Si potrebbe quasi definire un artigiano-artista, che definisce il suo lavoro “una fotografia di oggetti del quotidiano: ciotole, bottiglie, conchiglie, bicchieri…”, in cui il punto di vista centrale sono “una luce velata di silenzio su una gamma scura, gli oggetti che cercano la luce”. Autore di oggetti in unico esemplare, con cornice diversa per ogni stampa, affascinato dal mondo silenzioso di Morandi, Sergio Scabar (nato nel 1946 a Ronchi dei Legionari, dove vive e lavora) è finalmente protagonista della prima antologica in Italia a lui dedicata.
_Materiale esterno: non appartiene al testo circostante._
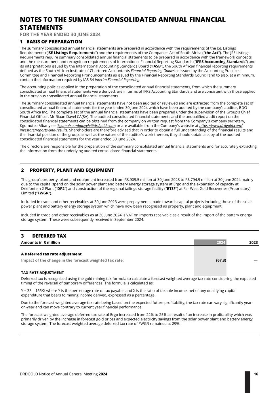 1 BASIS OF PREPARATION The summary consolidated annual financial statements are prepared in accordance with the requirements of the JSE Listings Requirements (“JSE Listings Requirements”) and the requirements of the Companies Act of South Africa ("the Act"). The JSE Listings Requirements require summary consolidated annual financial statements to be prepared in accordance with the framework concepts and the measurement and recognition requirements of International Financial Reporting Standards (“IFRS Accounting Standards”) and its interpretations issued by the International Accounting Standards Board ("IASB"), the South African financial reporting requirements defined as the South African Institute of Chartered Accountants Financial Reporting Guides as issued by the Accounting Practices Committee and Financial Reporting Pronouncements as issued by the Financial Reporting Standards Council and to also, at a minimum, contain the information required by IAS 34 Interim Financial Reporting. The accounting policies applied in the preparation of the consolidated annual financial statements, from which the summary consolidated annual financial statements were derived, are in terms of IFRS Accounting Standards and are consistent with those applied in the previous consolidated annual financial statements. The summary consolidated annual financial statements have not been audited or reviewed and are extracted from the complete set of consolidated annual financial statements for the year ended 30 June 2024 which have been audited by the company’s auditor, BDO South Africa Inc. The complete set of the annual financial statements have been prepared under the supervision of the Group’s Chief Financial Officer, Mr Riaan Davel CA(SA). The audited consolidated financial statements and the unqualified audit report on the consolidated financial statements can be obtained from the company on written request from the Company's company secretary, Kgomotso Mbanyele (kgomotso.mbanyele@drdgold.com) or are available from the Company's website at https://www.drdgold.com/ investors/reports-and-results. Shareholders are therefore advised that in order to obtain a full understanding of the financial results and the financial position of the group, as well as the nature of the auditor’s work thereon, they should obtain a copy of the audited consolidated financial statements for the year ended 30 June 2024. The directors are responsible for the preparation of the summary consolidated annual financial statements and for accurately extracting the information from the underlying audited consolidated financial statements. 2 PROPERTY, PLANT AND EQUIPMENT The group's property, plant and equipment increased from R3,909.5 million at 30 June 2023 to R6,794.9 million at 30 June 2024 mainly due to the capital spend on the solar power plant and battery energy storage system at Ergo and the expansion of capacity at Driefontein 2 Plant ("DP2") and construction of the regional tailings storage facility ("RTSF") at Far West Gold Recoveries (Proprietary) Limited ("FWGR"). Included in trade and other receivables at 30 June 2023 were prepayments made towards capital projects including those of the solar power plant and battery energy storage system which have now been recognised as property, plant and equipment. Included in trade and other receivables as at 30 June 2024 is VAT on imports receivable as a result of the import of the battery energy storage system. These were subsequently received in September 2024. 3 DEFERRED TAX Amounts in R million 2024 2023 A Deferred tax rate adjustment Impact of the change in the forecast weighted tax rate: (67.3) — TAX RATE ADJUSTMENT Deferred tax is recognised using the gold mining tax formula to calculate a forecast weighted average tax rate considering the expected timing of the reversal of temporary differences. The formula is calculated as: Y = 33 – 165/X where Y is the percentage rate of tax payable and X is the ratio of taxable income, net of any qualifying capital expenditure that bears to mining income derived, expressed as a percentage. Due to the forecast weighted average tax rate being based on the expected future profitability, the tax rate can vary significantly year- on-year and can move contrary to current year financial performance. The forecast weighted average deferred tax rate of Ergo increased from 22% to 25% as result of an increase in profitability which was primarily driven by the increase in forecast gold prices and expected electricity savings from the solar power plant and battery energy storage system. The forecast weighted average deferred tax rate of FWGR remained at 29%. NOTES TO THE SUMMARY CONSOLIDATED ANNUAL FINANCIAL STATEMENTS FOR THE YEAR ENDED 30 JUNE 2024 DRDGOLD Notice of Annual General Meeting 2024 16
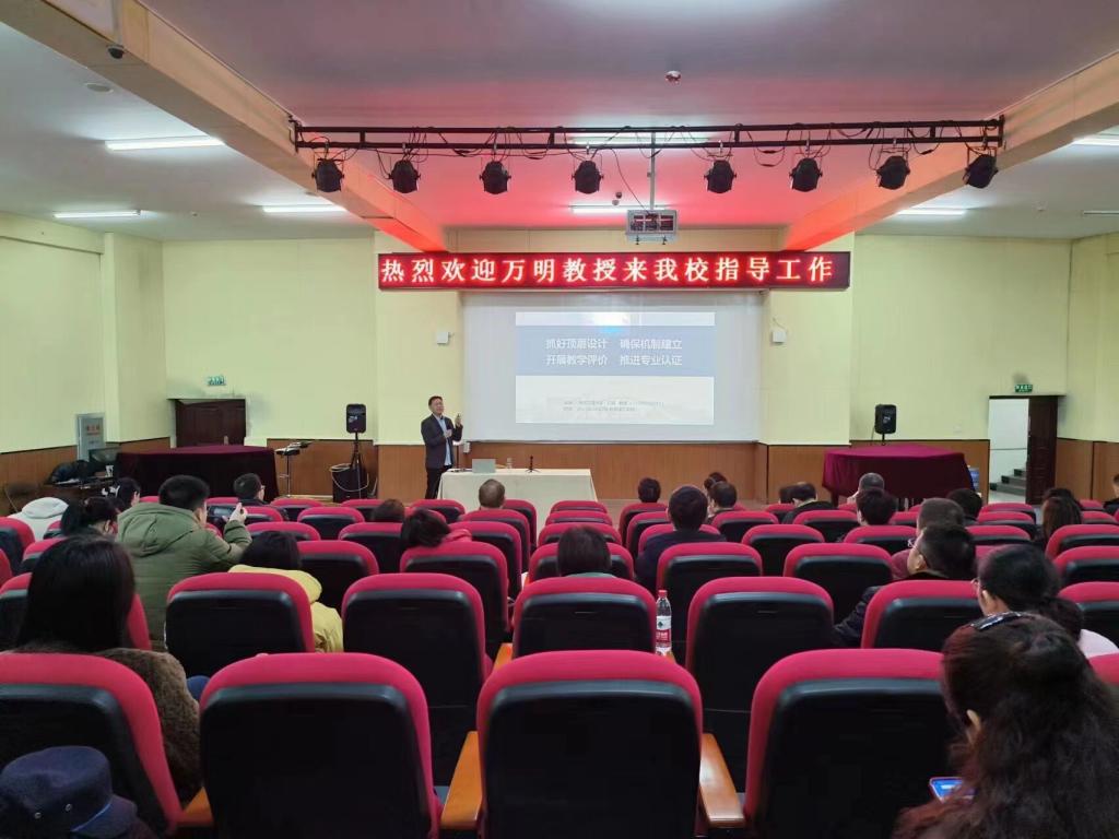 3月22日,万明教授作了题为《抓好顶层设计、确保机制建立、开展教学评价、推进专业认证》的专题讲座。从顶层设计、机制体制、质量监控、质量保障等方面进行了详细的讲解,为学校各专业推进专业认证工作指明了方向。

Da venerdì 28 e fino al 13 ottobre, i Musei provinciali di Gorizia presentano a Palazzo Attems Petzenstein Oscura camera (1969-2018), organizzata dall’Erpac e curata da Guido Cecere e Alessandro Quinzi: un omaggio a un artista che ha fatto dello scatto un vero strumento di riflessione e di indagine. Autodidatta, Scabar è diventato famoso per l’originalità de Il teatro delle cose del 1999, che ha segnato la sua svolta stilistica votata a una ricerca poetica incentrata sull’essenzialità degli oggetti e delle loro forme.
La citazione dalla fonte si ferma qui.